Directions for this task: Return the listing below exactly, with the pictures dropped.
[Provided data]
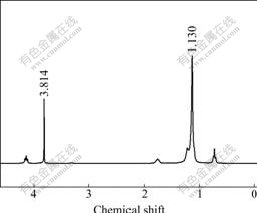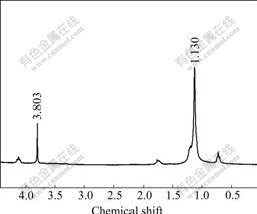 Fig.3 shows 1H NMR spectrum the fresh ionic- liquid. Fig.4 shows 1H NMR spectrum of the products washed by de-ionic water three times. This process was used to extract lactate and glucose which both could solve in water. Because the decomposition products of C22H43ClN2 have a long carbon chain that is unsolvable in water, they can form new peaks in 1H NMR spectrum. Fig.3 and Fig.4 have peaks that belong to ionic liquid chemical shift of 1.130. After reaction, they do not form any new peaks, indicating that the ionic liquid is not involved in the reaction of glucose with base. It is only used as solvent to prompt the reaction and kept as original formation during reaction process.
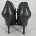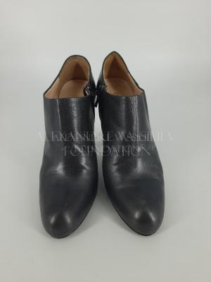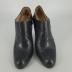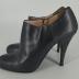 A pair of pearlised grey leather stortened ankle boots with rounded toes, side zip fastening and 10 cm high stiletto heels.
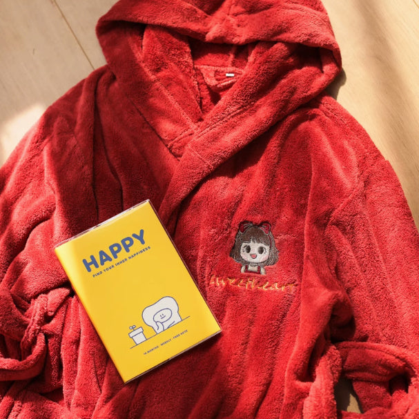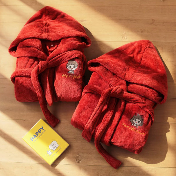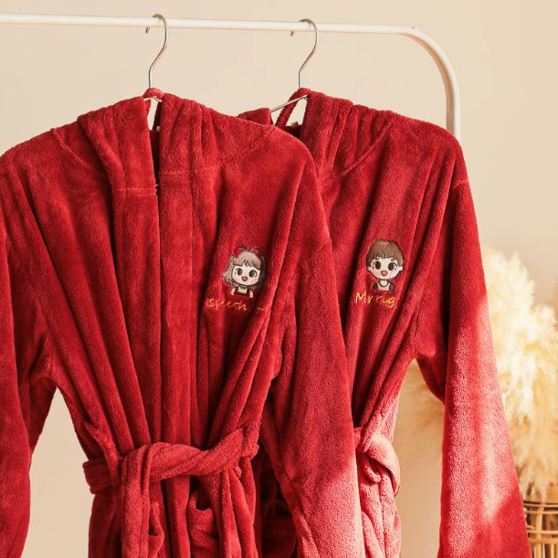 Newlywed Couple Wedding Embroidered Text Water Absorbing Home Bathrobe
[/Provided data]
Answer to this problem:
 Fig.3 shows 1H NMR spectrum the fresh ionic- liquid. Fig.4 shows 1H NMR spectrum of the products washed by de-ionic water three times. This process was used to extract lactate and glucose which both could solve in water. Because the decomposition products of C22H43ClN2 have a long carbon chain that is unsolvable in water, they can form new peaks in 1H NMR spectrum. Fig.3 and Fig.4 have peaks that belong to ionic liquid chemical shift of 1.130. After reaction, they do not form any new peaks, indicating that the ionic liquid is not involved in the reaction of glucose with base. It is only used as solvent to prompt the reaction and kept as original formation during reaction process.
 A pair of pearlised grey leather stortened ankle boots with rounded toes, side zip fastening and 10 cm high stiletto heels.
 Newlywed Couple Wedding Embroidered Text Water Absorbing Home Bathrobe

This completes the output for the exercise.